(Working data begins)

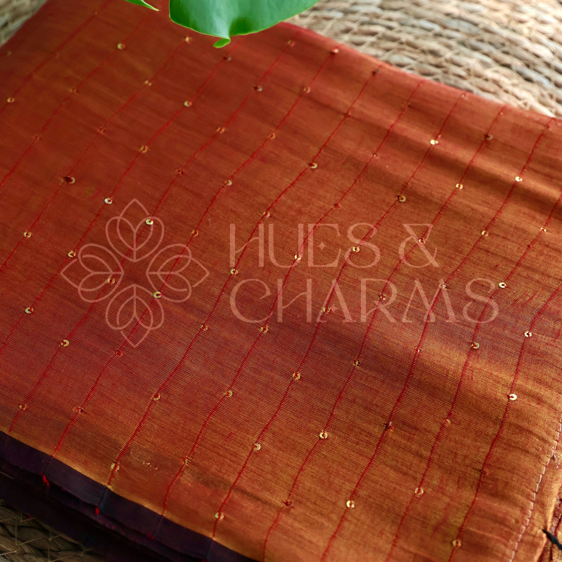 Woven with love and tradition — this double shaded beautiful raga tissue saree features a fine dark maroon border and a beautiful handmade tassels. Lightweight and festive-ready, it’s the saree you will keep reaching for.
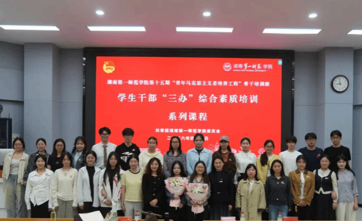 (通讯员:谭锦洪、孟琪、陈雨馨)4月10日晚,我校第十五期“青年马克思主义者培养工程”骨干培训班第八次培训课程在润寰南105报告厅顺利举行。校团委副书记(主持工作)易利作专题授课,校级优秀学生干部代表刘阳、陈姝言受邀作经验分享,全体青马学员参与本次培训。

(Working data ends)
(Working data begins)

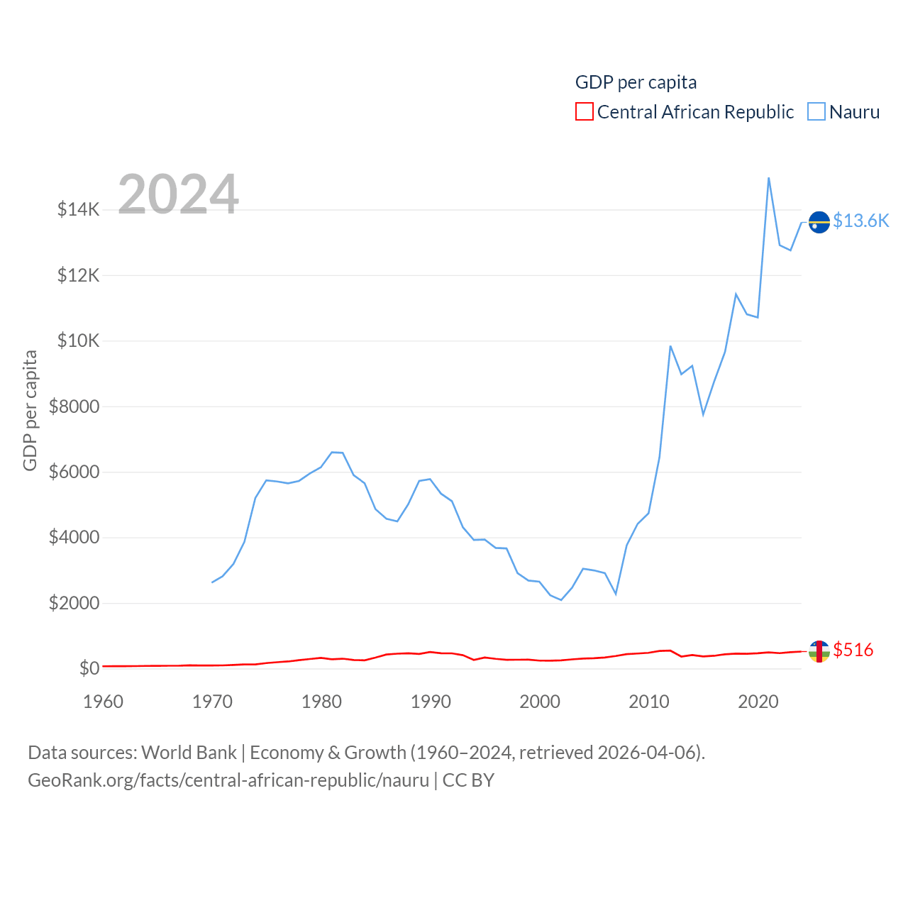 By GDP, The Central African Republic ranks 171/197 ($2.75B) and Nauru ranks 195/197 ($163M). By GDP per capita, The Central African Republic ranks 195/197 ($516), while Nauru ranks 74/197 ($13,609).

(Working data ends)
(Working data begins)

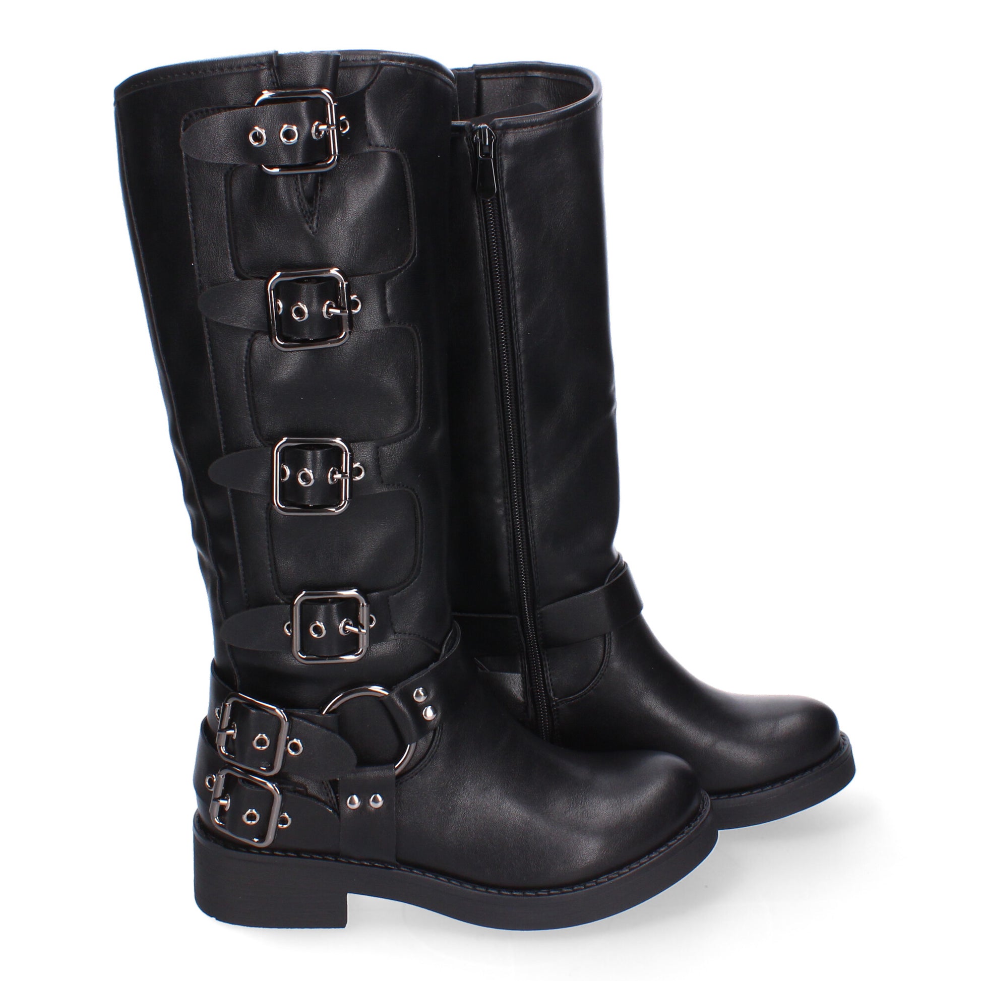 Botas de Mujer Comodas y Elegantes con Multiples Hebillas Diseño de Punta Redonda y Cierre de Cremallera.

(Working data ends)

— Required work —
No picture is to be printed. Output exactly the lines above from the line containing "Woven with love" through the line containing "(通讯员:谭锦洪、孟琪、陈雨".

— Solution to this task —
 Woven with love and tradition — this double shaded beautiful raga tissue saree features a fine dark maroon border and a beautiful handmade tassels. Lightweight and festive-ready, it’s the saree you will keep reaching for.
 (通讯员:谭锦洪、孟琪、陈雨馨)4月10日晚,我校第十五期“青年马克思主义者培养工程”骨干培训班第八次培训课程在润寰南105报告厅顺利举行。校团委副书记(主持工作)易利作专题授课,校级优秀学生干部代表刘阳、陈姝言受邀作经验分享,全体青马学员参与本次培训。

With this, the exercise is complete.